Es gibt für einen Fachmann keine Veranlassung, von dem zonalen Farbauftrag über eine Schlitzdüse bei Dokument E3 abzurücken, da dies erstens eine Änderung des Konzepts für den Farbauftrag und zweitens eine erhebliche Modifikation der Vorrichtung bedeuten würde.

3. Somit gelangt man weder von Dokument E1 noch von Dokument E3 ausgehend in naheliegender Weise zum Gegenstand des Anspruchs 1. Eine Kombination der Dokumente E1 und E3 ist aufgrund der unterschiedlichen Prinzipien, nämlich Sprühauftrag der Farbe einerseits und zonaler Farbauftrag über eine Schlitzdüse andererseits, nicht möglich. Selbst wenn man aber versuchte, Merkmale der beiden Dokumente zu kombinieren, so würde man dennoch nicht zum Kugelventil des Anspruchs 1 gelangen, da in Dokument E1 ein handbetätigtes Ventil in Verbindung mit dem Aufsprühen der Farbe, in Dokument E3 hingegen ein mit einem elektromagnetisch betätigten Schieber verschließbares Schlitzventil zum zonalen Farbauftrag vorliegt.

Der Gegenstand des Anspruchs 1 beruht somit auf einer erfinderischen Tätigkeit (Artikel 56 EPÜ).

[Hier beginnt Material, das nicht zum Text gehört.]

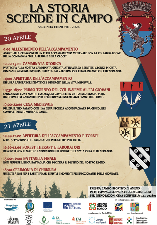Sabato 20 e domenica 21 aprile, la storia scende in campo e prende vita ad Ameno, sulle colline del Lago d'Orta. La Compagnia della Spada e della Croce e Associazione DragoLago, nell’ambito del progetto PNRR Ameno Quadriborgo, propongono due giornate di rievocazione storica con un campo medievale allestito da quattro compagnie di rievocatori provenienti da diverse parti del Nord Italia. La manifestazione, perfetta per famiglie, giovani e appassionati di rievocazioni storiche, si svolgerà presso il campo sportivo di Ameno (viale Matteotti), sarà gratuita e permetterà a tutti di passare un momento unico di divertimento in compagnia, in un'atmosfera magica.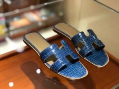 エルメススリッパカスタムエルメスプルシアンブルーシャイニークロコダイルレザースリッパサンダルレディースモデル35〜41

4. Der unabhängige Anspruch 7 betrifft eine Anwendung der Druckmaschine gemäß Anspruch 1. Die abhängigen Ansprüche 2 bis 6 und 8 und 9 betreffen Ausgestaltungen der Druckmaschine des Anspruchs 1 bzw. des Verfahrens des Anspruchs 7. Somit erfüllen auch die Ansprüche 2 bis 9 die Erfordernisse des Artikels 56 EPÜ.

ENTSCHEIDUNGSFORMEL

Aus diesen Gründen wird entschieden:

1. Die angefochtene Entscheidung wird aufgehoben.

2. Die Angelegenheit wird an die erste Instanz mit der Anordnung zurückverwiesen, das Patent in geändertem Umfang mit folgenden Unterlagen aufrechtzuerhalten:

Beschreibung: Seiten 2 bis 7, eingereicht während der mündlichen Verhandlung am 4. Februar 2010

Ansprüche: 1 bis 9, eingereicht während der mündlichen Verhandlung am 4. Februar 2010

Zeichnungen: Figuren 1 bis 7, wie erteilt.